El Fiscal Franco Picardi ordenó cruzar los datos de decenas de dispositivos electrónicos secuestrados. En la mira de la causa, que investiga millonarias maniobras cambiarias durante la gestión anterior, aparece mencionado el Banco Sucrédito por presuntos vínculos financieros con el entorno de Elías Piccirillo
La mega causa judicial que investiga presuntos hechos de corrupción y maniobras ilegales con las autorizaciones del Sistema de Importaciones de la República Argentina (SIRA) durante el último tramo del Gobierno de Alberto Fernández sumó un capítulo clave con acento tucumano.
Esta semana, el Fiscal Federal Franco Picardi avanzó decididamente en la apertura y peritaje de teléfonos celulares, computadoras y soportes digitales de exfuncionarios del Banco Central (BCRA) y de financistas de la city porteña.
Entre los dispositivos bajo la lupa de la Dirección de Asistencia Judicial en Delitos Complejos y Crimen Organizado (DAJuDeCO) se encuentra el de Pablo Blanco, director del Banco Sucrédito SAU, una entidad financiera de origen y fuerte arraigo en Tucumán.
La conexión local bajo la lupa judicial
De acuerdo con lo revelado en la investigación del periodista Daniel Santoro, en el diario Clarín, el nombre de la entidad tucumana y el de su directivo surgen directamente de la información extraída del teléfono celular del financista Martín Migueles, sindicado en el expediente como uno de los principales operadores del esquema.
La hipótesis judicial apunta a que el financista Elías Piccirillo —conocido públicamente también por ser el ex esposo de la conductora Jesica Cirio— coordinaba redes de agencias de cambio y, en paralelo, habría financiado las operaciones de Migueles.
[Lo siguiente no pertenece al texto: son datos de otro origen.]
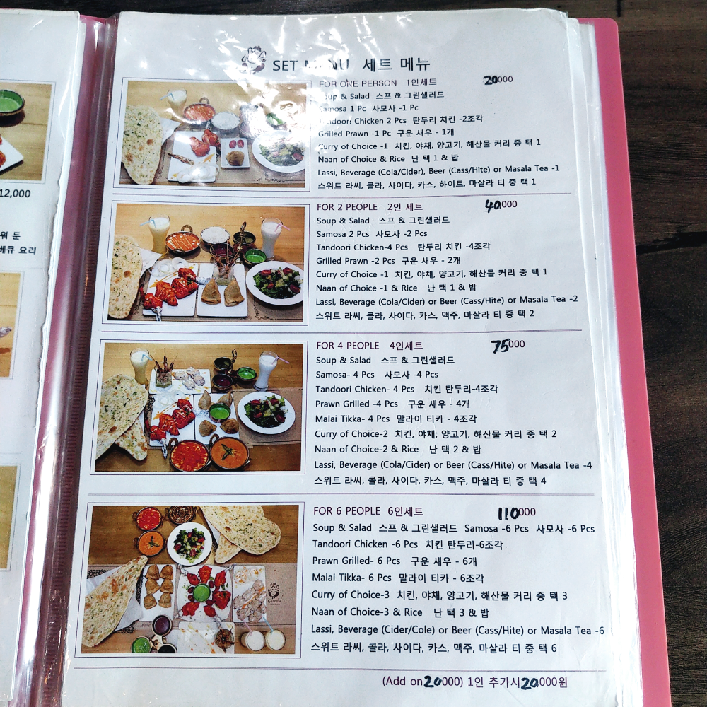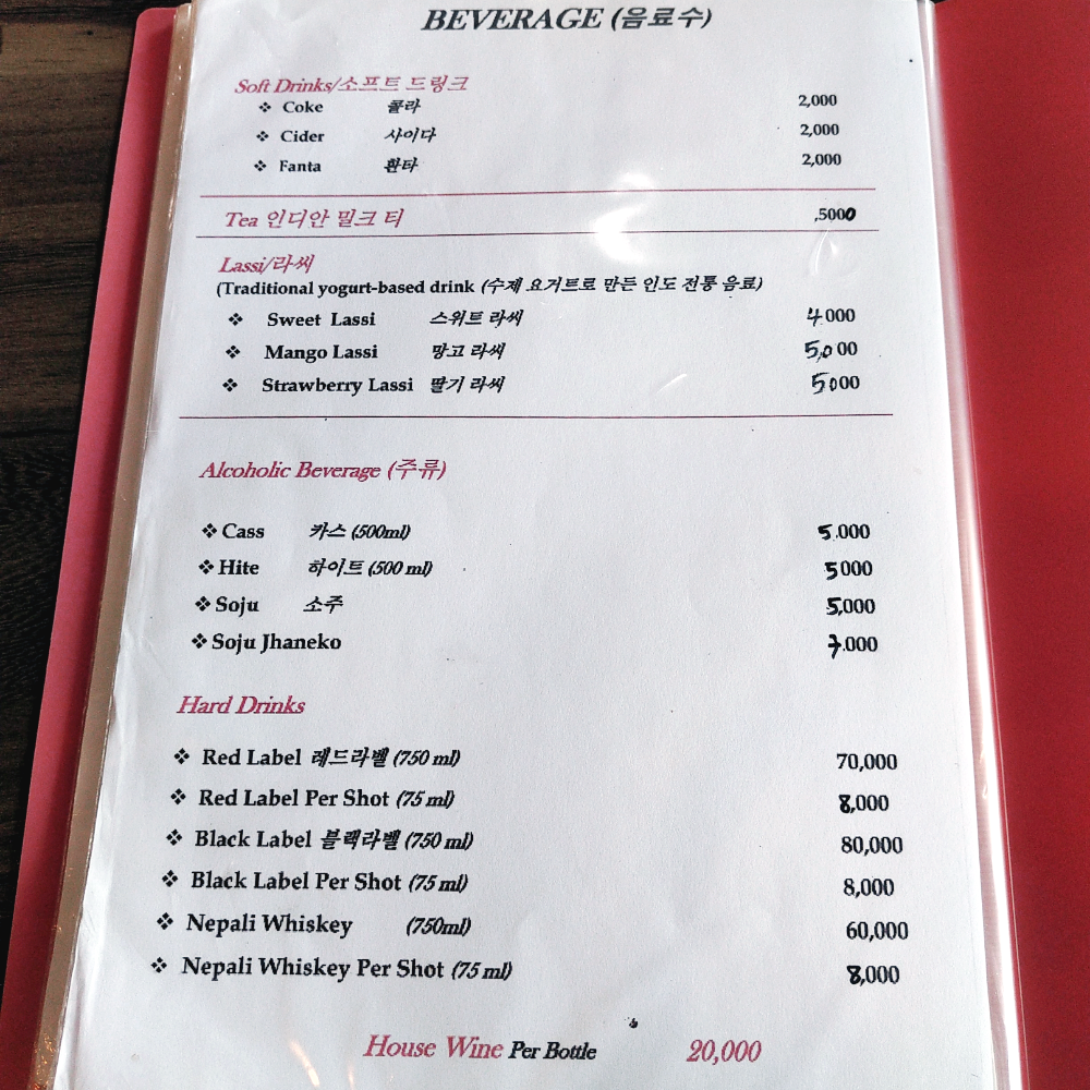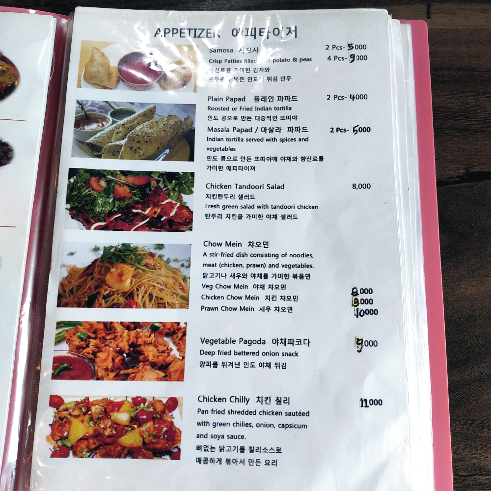 인도인인지 네팔인인지는 모르겠지만, 다들 한국어를 잘하셔서 주문하는 데 무리는 없었어요.

Según las constancias de la causa, este flujo de capitales se realizaba “a través del Banco Sucrédito SAU, donde Piccirillo había sido accionista minoritario y ocupado un cargo, y/o mediante fondos propios”.
A raíz de estos cruces informáticos, el Fiscal Picardi solicitó formalmente acceder al contenido del teléfono de Blanco para determinar el alcance de estas vinculaciones y si la estructura de la entidad provincial fue utilizada de alguna manera para facilitar el fondeo o las transacciones de la organización.
La mecánica del “rulo” cambiario y las coimas
La investigación judicial busca desentramar cómo operaba una red que permitía a determinadas empresas acceder de forma privilegiada al dólar oficial en pleno cepo cambiario, para luego canalizar esas divisas hacia el mercado informal (blue), generando ganancias millonarias e inmediatas.
El expediente ya tiene identificadas las primeras operaciones bajo sospecha directa de coimas. En algunos chats que constan en la causa se observan diálogos explícitos donde se negociaban “comisiones” del 11% al 15% en dólares blue para “liberar” las declaraciones de importación de empresas como Cowdin SA y la firma de autoelevadores Nemes Fuentes. A cambio de estos pagos ilegales, intermediarios apodados como “El Pipo”, “La Señora” o “Pato” garantizaban la luz verde del sistema SIRA que manejaba la Secretaría de Comercio de la Nación.
Exauditoras del Banco Central y teléfonos “calientes”
La preocupación en los despachos de los exfuncionarios del Banco Central de la gestión anterior va en aumento. Los peritos ya lograron ingresar al teléfono de Valeria Fabiana Fernández, ex auditora externa del BCRA. En los chats de los financistas, Fernández aparecía recurrentemente mencionada bajo el alias de la “vieja del Central”. En uno de los mensajes secuestrados, los imputados aseguraban que Piccirillo había logrado “poner en vereda” a la auditora.
Además de Blanco y los financistas privados, la Fiscalía aguarda los resultados del análisis de los dispositivos de la línea técnica e inspectores del Banco Central (Romina García, Diego Volcic, Analía Jaime y Fabián Violante), encargados de controlar a las agencias de cambio involucradas en el circuito paralelo, entre ellas ARG Exchange. En una de las escuchas telefónicas incorporadas, una de las inspectoras aseguraba explícitamente que había personal “entongado” dentro del propio organismo monetario.
Mientras la causa principal avanza con pedidos de levantamiento de secreto fiscal y bursátil ante el Juez Ariel Lijo, el “capítulo tucumano” promete seguir sumando novedades a medida que la DAJuDeCO vuelque el contenido de los chats, correos y llamadas del director de la entidad financiera local al expediente central.